**AIM OF THE TASK:** Each line of the material should be output exactly as shown.

**COLLECTED MATERIAL:**

%%

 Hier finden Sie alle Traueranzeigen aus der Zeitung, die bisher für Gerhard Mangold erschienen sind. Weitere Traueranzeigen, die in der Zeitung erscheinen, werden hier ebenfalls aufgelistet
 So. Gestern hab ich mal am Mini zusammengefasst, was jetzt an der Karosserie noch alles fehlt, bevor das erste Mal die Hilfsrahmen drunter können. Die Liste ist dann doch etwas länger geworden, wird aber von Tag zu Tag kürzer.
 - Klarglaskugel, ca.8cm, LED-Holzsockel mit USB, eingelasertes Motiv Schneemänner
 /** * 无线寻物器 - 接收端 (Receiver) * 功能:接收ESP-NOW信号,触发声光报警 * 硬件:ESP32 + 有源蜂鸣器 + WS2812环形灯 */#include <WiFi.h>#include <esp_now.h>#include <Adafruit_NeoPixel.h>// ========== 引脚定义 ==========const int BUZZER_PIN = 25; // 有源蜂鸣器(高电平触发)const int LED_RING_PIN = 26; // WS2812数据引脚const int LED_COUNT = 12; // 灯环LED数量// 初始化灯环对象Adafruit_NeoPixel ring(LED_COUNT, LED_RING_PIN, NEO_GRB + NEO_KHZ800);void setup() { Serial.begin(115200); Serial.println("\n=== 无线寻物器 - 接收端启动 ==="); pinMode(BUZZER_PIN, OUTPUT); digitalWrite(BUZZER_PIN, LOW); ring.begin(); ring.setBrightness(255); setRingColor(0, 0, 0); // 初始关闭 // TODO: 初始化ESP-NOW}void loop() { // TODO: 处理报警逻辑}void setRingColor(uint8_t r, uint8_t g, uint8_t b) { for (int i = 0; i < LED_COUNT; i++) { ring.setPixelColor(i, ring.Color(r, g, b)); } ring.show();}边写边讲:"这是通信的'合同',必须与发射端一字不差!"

%%

**SOLUTION FOR THIS PROBLEM:**
 Hier finden Sie alle Traueranzeigen aus der Zeitung, die bisher für Gerhard Mangold erschienen sind. Weitere Traueranzeigen, die in der Zeitung erscheinen, werden hier ebenfalls aufgelistet
 So. Gestern hab ich mal am Mini zusammengefasst, was jetzt an der Karosserie noch alles fehlt, bevor das erste Mal die Hilfsrahmen drunter können. Die Liste ist dann doch etwas länger geworden, wird aber von Tag zu Tag kürzer.
 - Klarglaskugel, ca.8cm, LED-Holzsockel mit USB, eingelasertes Motiv Schneemänner
 /** * 无线寻物器 - 接收端 (Receiver) * 功能:接收ESP-NOW信号,触发声光报警 * 硬件:ESP32 + 有源蜂鸣器 + WS2812环形灯 */#include <WiFi.h>#include <esp_now.h>#include <Adafruit_NeoPixel.h>// ========== 引脚定义 ==========const int BUZZER_PIN = 25; // 有源蜂鸣器(高电平触发)const int LED_RING_PIN = 26; // WS2812数据引脚const int LED_COUNT = 12; // 灯环LED数量// 初始化灯环对象Adafruit_NeoPixel ring(LED_COUNT, LED_RING_PIN, NEO_GRB + NEO_KHZ800);void setup() { Serial.begin(115200); Serial.println("\n=== 无线寻物器 - 接收端启动 ==="); pinMode(BUZZER_PIN, OUTPUT); digitalWrite(BUZZER_PIN, LOW); ring.begin(); ring.setBrightness(255); setRingColor(0, 0, 0); // 初始关闭 // TODO: 初始化ESP-NOW}void loop() { // TODO: 处理报警逻辑}void setRingColor(uint8_t r, uint8_t g, uint8_t b) { for (int i = 0; i < LED_COUNT; i++) { ring.setPixelColor(i, ring.Color(r, g, b)); } ring.show();}边写边讲:"这是通信的'合同',必须与发射端一字不差!"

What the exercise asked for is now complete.